2022年10月3日

初めての漆器は毎日使ってほしい石川漆宝堂がいざなう滋味深き漆の世界

素朴な風合いの椀や平皿など、日々の食事に気軽に使えるうつわを製作・販売する有限会社石川漆宝堂。ほぼすべての塗り工程を自社工房で行うなど、漆へのこだわりは山中でも随一です。「毎日、長く使い続けてこそ味わいが深まる」という漆器の魅力や、うつわ作りへの想いを聞きました。

和食も洋食も シンプルで丈夫な万能のうつわ

ズバリ、石川漆宝堂の人気商品を教えてください。

ロングセラーは、毎日の食事に幅広くお使いいただける「挽目うつわ」シリーズです。高台がないのが最大の特徴で、そのため汁椀以外の用途にも使えます。オススメは、同シリーズの大中小3つのうつわと蓋(平皿)1枚の、4点セットで使っていただくこと。例えば、小サイズに汁物、中サイズにご飯、大サイズに煮物やサラダ、平皿に焼き魚……といったように、どのような献立も盛り付けられるようになります。さらに収納時は3つのうつわを入れ子状に重ね、平皿を蓋にしてスッキリと収納できます。
もうひとつの定番商品となっているのが、独特の凹凸「ハツリ目」を表面に施した「弥生」シリーズです。キズがついても目立ちにくく、また普段使いしやすい素朴なデザインになっています。この「ハツリ目」は特殊なカンナで木地に直接施しているもので、現在、山中でこの技術を持つ木地職人はたったひとりしかいません。

「用途にしばられず使える」「キズがついてもわかりにくい」など、漆器初心者にも扱いやすそうなうつわだと思いました。

まさに、初めて漆器を購入する方の最初の一品にピッタリのうつわだと自負しています。価格もお手に取っていただきやすいよう「挽目うつわ」シリーズは4点セットで2万円、「弥生」シリーズは6,500円〜と抑えめに(以上、税別)。それでも一般的な食器に比べるとお値段はしますので、その分汎用性の高い、いわば“コスパの高い”漆器にしているんです。いろいろなシーンで試しながら「こんな料理にも使えるんだ!」と新たな発見も楽しめるのが、当社の漆器だと思います。例えば、シチューやサラダといった洋食にも合うんですよ。

意外ですね! 洋食にも使えるとなると一気にハードルが下がります。

実際に洋食に使っていただきやすいようなコンセプトで企画、製作した漆器商品もあります。代表的なのが、トースト1枚がちょうど収まるサイズの平皿「パン皿」。色も一般的な朱塗、黒塗、溜塗だけでなく、青塗(緑色)や白塗(ベージュ)などかわいらしいカラーをそろえました。
さらに、株式会社メソッドのデザイナーとのコラボレーションで製作した新商品「漆オーバルプレート」など、よりモダンなデザインの商品も展開しています。カレーやパスタも漆器で楽しむ──そんなライフスタイルのアイデアも提案するような商品です。
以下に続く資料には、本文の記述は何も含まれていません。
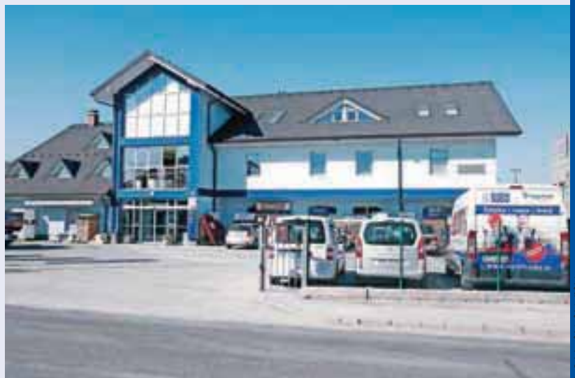
... in najbolj znan v Žabnici.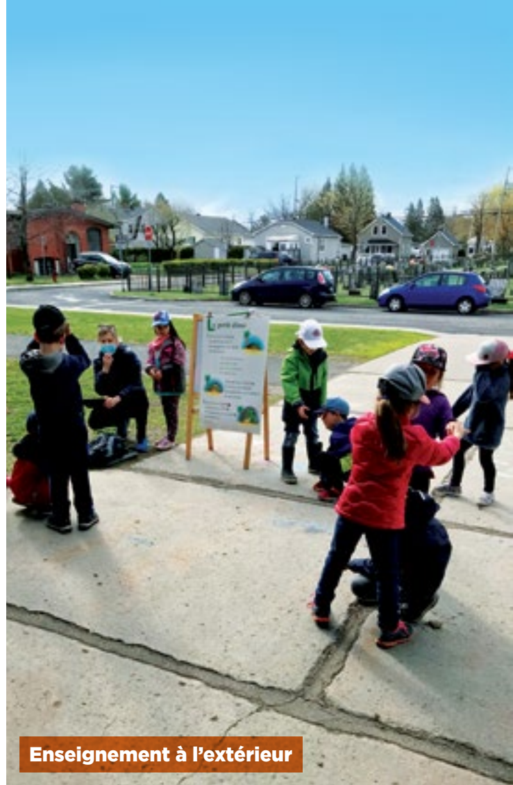
Enseignement à l'extérieur

Depuis les six dernières années, nous avons instauré une nouvelle approche qui assure la mise en place d'actions concrètes visant à soutenir le développement psychomoteur des enfants du préscolaire. Par l'entremise de l'approche « Actif au quotidien », nous sommes en mesure d'intégrer sur une base plus régulière des activités visant à favoriser le développement global de l'enfant, et ce, quotidiennement. Cette responsabilité est partagée avec tous les intervenants qui gravitent autour de l'élève soit, l'enseignante du préscolaire, l'éducateur physique et l'éducateur du service de garde.

デザインから機能性に至るまで、普段使いできる漆器を追求しているのですね。

使えば使うほど味わいが深まるのが、漆器の醍醐味です。艶が増していきますし、表情も少しずつ変わるんです。例えば「挽目うつわ」シリーズでは「根来(ねごろ)塗」という技法を採用しており、うつわを長く使い続けていると、朱塗りの下から徐々に黒漆が表れてきて、漆器の風合いが変化していきます。そうして“自分だけのうつわ”へと育った漆器への愛着はひとしお。一度体験をした方なら、きっと「次の漆器が欲しい」と思っていただけるはずです。
そんな魅力的な漆器の世界の入り口になるようなうつわ作り、毎日、何年も使い続けられるうつわ作りを、石川漆宝堂では大切にしています。

創業者独自の製作スタイルを受け継ぐ自社工房

石川漆宝堂のほとんどの商品は、自社工房で塗りを施されていると聞きました。

はい。当社代表を含む3名の職人が、下地から上塗りまで、ほぼすべての塗りを行っています。実はこうしたケースは山中では極めて稀なんです。一般的に「商人」と呼ばれるメーカーは商品の企画、販売を行い、製造工程は産地の職人が担います。そして、各工程は木地職人、下地職人、中塗り職人、研ぎ職人、上塗り職人といった職人たちによって、細かく分業されているのが山中という産地の特徴です。したがって、メーカーが職人を兼ね、さらに自社の工房で下地から上塗りまで一貫して行っている当社のようなケースは、とても珍しいと思います。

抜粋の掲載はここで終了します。